Task to carry out: Where an entry below contains an image, skip the image and copy the rest exactly.

======== Input for this task

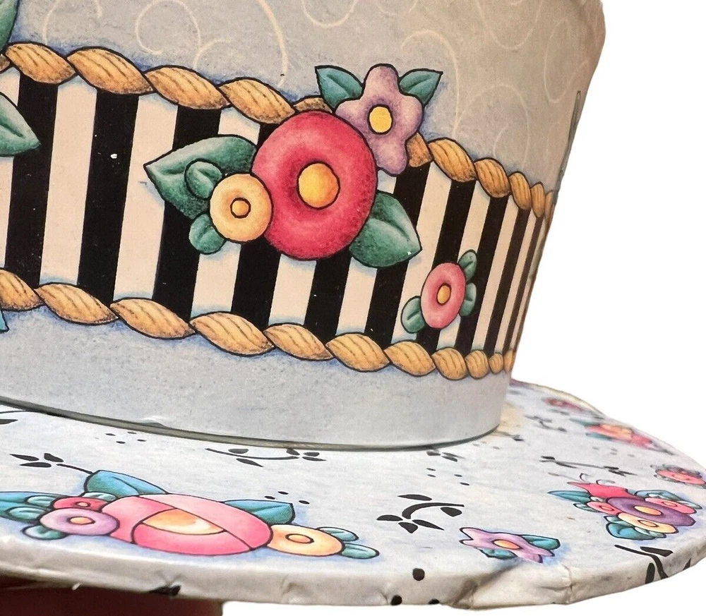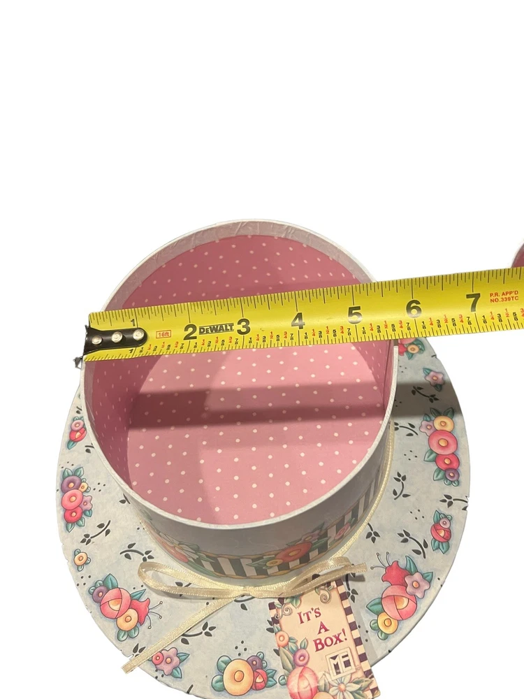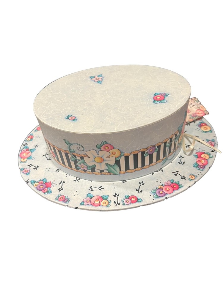 Mary Engelbreit Hat Shaped Gift Storage Box Light Blue Floral W/Tag...
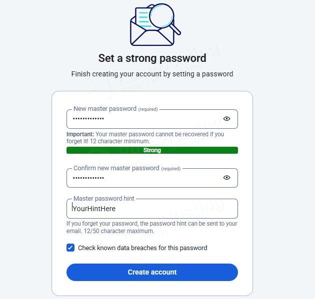 Затем добавьте свой мастер-пароль и подсказку к нему.
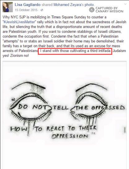 On October 8, 2015, Gagliardo shared photos on Instagram of an event co-hosted by a number of organizations including American Muslims for Palestine (AMP) and NYC SJP.The event urged support for a “Day of Rage” called for by “Palestinian forces.”
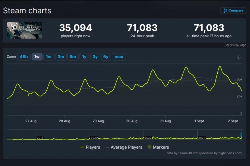Тем временем пиковый онлайн первой Hollow Knight достиг уже 71 083 игроков одновременно.
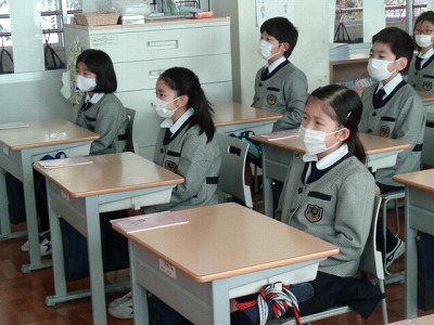 学校長が礼拝の中で話された「身の回りの物を大切にすること」について、全体で確認しました。自分自身が出来ているか、出来ていないのかを見つめ直す時間です。落とし物が多い、丁寧に片付けないなどの反省があがります。
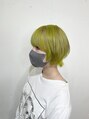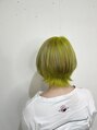 レイヤーボブにカット後ブリーチを2回してからライムグリーンとミルクティーベージュを層ではさんだミルフィーユカラーにしました
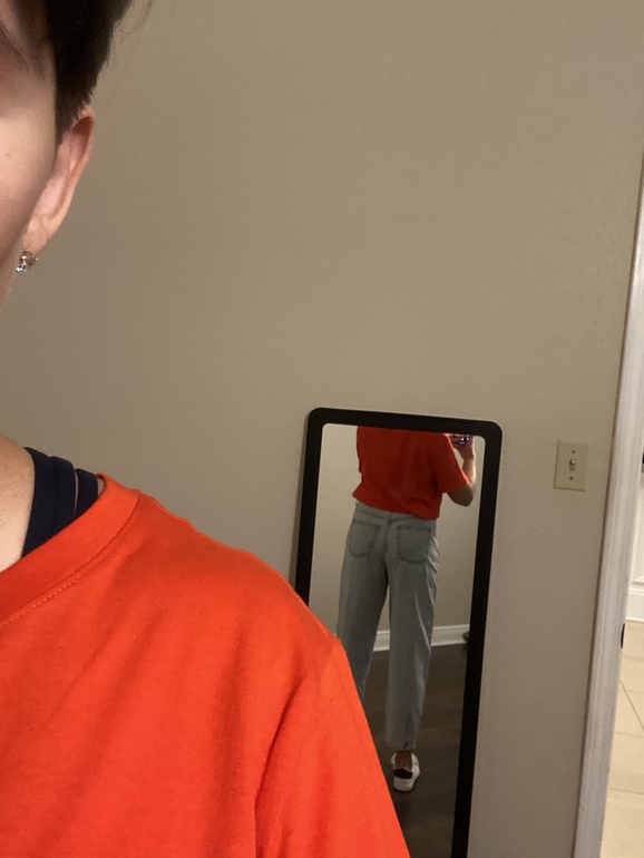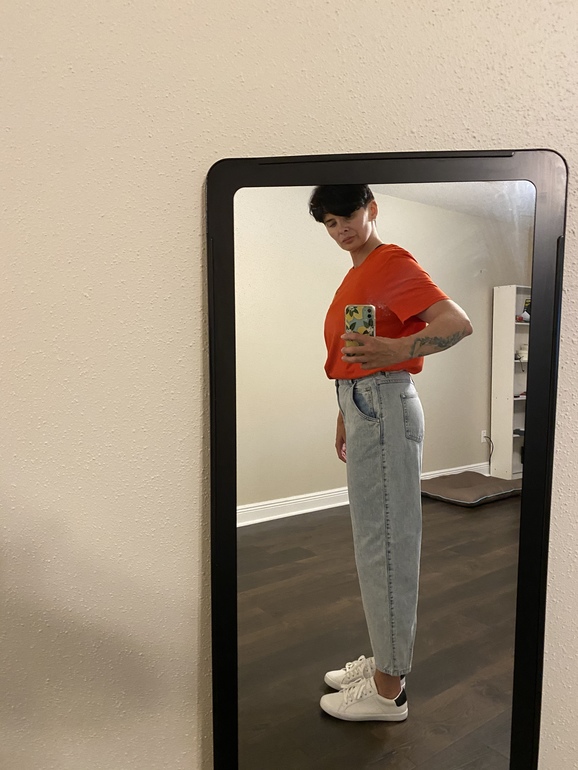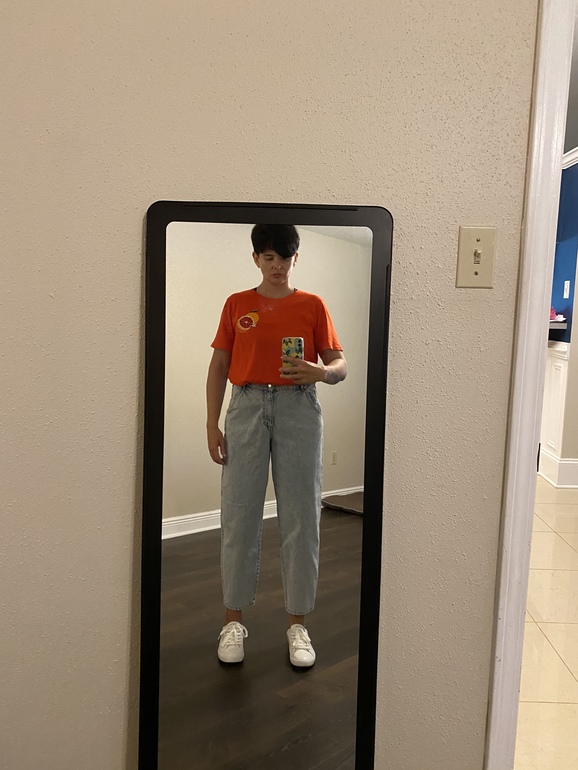 Я бы немного повернула джинсики и носила бы с футболкой на выпуск. Не ужасно.

================

Exercise solution:
 Mary Engelbreit Hat Shaped Gift Storage Box Light Blue Floral W/Tag...
 Затем добавьте свой мастер-пароль и подсказку к нему.
 On October 8, 2015, Gagliardo shared photos on Instagram of an event co-hosted by a number of organizations including American Muslims for Palestine (AMP) and NYC SJP.The event urged support for a “Day of Rage” called for by “Palestinian forces.”
Тем временем пиковый онлайн первой Hollow Knight достиг уже 71 083 игроков одновременно.
 学校長が礼拝の中で話された「身の回りの物を大切にすること」について、全体で確認しました。自分自身が出来ているか、出来ていないのかを見つめ直す時間です。落とし物が多い、丁寧に片付けないなどの反省があがります。
 レイヤーボブにカット後ブリーチを2回してからライムグリーンとミルクティーベージュを層ではさんだミルフィーユカラーにしました
 Я бы немного повернула джинсики и носила бы с футболкой на выпуск. Не ужасно.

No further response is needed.